Author: Dann Corbit
Date: 18:33:15 07/03/03
Go up one level in this thread
On July 03, 2003 at 10:08:14, Jon Dart wrote: >On July 03, 2003 at 04:48:34, Jens Kahlenberg wrote: > >>I read good news from Normand regarding level 4. Most of the debug vs release >>"problems" are _not_ compiler-bugs. > >I'd agree with this, but I also think that if changing the optimization flags >changes the program behavior (i.e. you are comparing two release builds, not a >release build and a debug build), that is a good indication that it's a compiler >problem. It seems that is the case here. Just about as often, I find that changing behavior from optimization flags is still caused by a programming error.
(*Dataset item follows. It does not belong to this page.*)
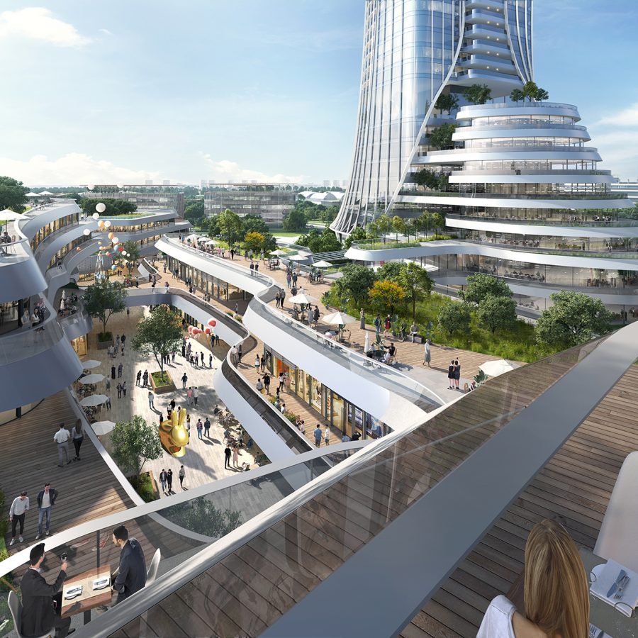 A unique multi-dimensional landscape, where plazas and green precincts are prominent. Wander around the plazas, gardens and paths. Enjoy the limitless view from the terraces and roof gardens. The perfect integration of contemporary architecture and nature make you feel like stepping into an urban oasis.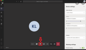 Husk at slå din mikrofon fra, når du live-streamer og ikke selv skal deltage i samtaler om undervisningen. På den måde bliver underviser og de andre deltagere ikke forstyrret af tryk på tastaturet, intern snak i arbejdsgrupper eller din hunds gøen. Når du deltager i en live-streaming/en online samtale, vil du som regel kunne se et lille mikrofonikon på din skærm, f.eks. ved dit eget navn/dit eget billede. I Microsoft Teams vil det f.eks. se nogenlunde ud som på billedet herunder, hvor mikrofonen er markeret med den røde pil. Du slår mikrofonen fra ved at trykke på ikonet. Dette gælder i Teams og i de fleste lignende programmer, f.eks. Zoom.

This is especially true in integer only programs. The only optimization flag that is genuinely dangerous to use is to 'assume no aliasing' when you are not absolutely sure that aliasing cannot occur. Floating point programs will often change a bit under different optimization flags, but only by some expected delta in the trailing bits of precision. Sometimes (for instance) a compiler will initialize auto variables in debug mode to some recognizable value, but leave them as "whatever" in release mode. Or some variable might get completely optimized away. That would be unimportant, but it changes the location of things. So now, an 1 byte overwrite that used to have little effect can suddenly become traumatic. Lint & splint, bounds-checker & electric-fence and things of that nature are the best way to find out what is really going haywire. I have found compiler errors. But most things I originally thought were compiler errors turned out to be ... [cough] me.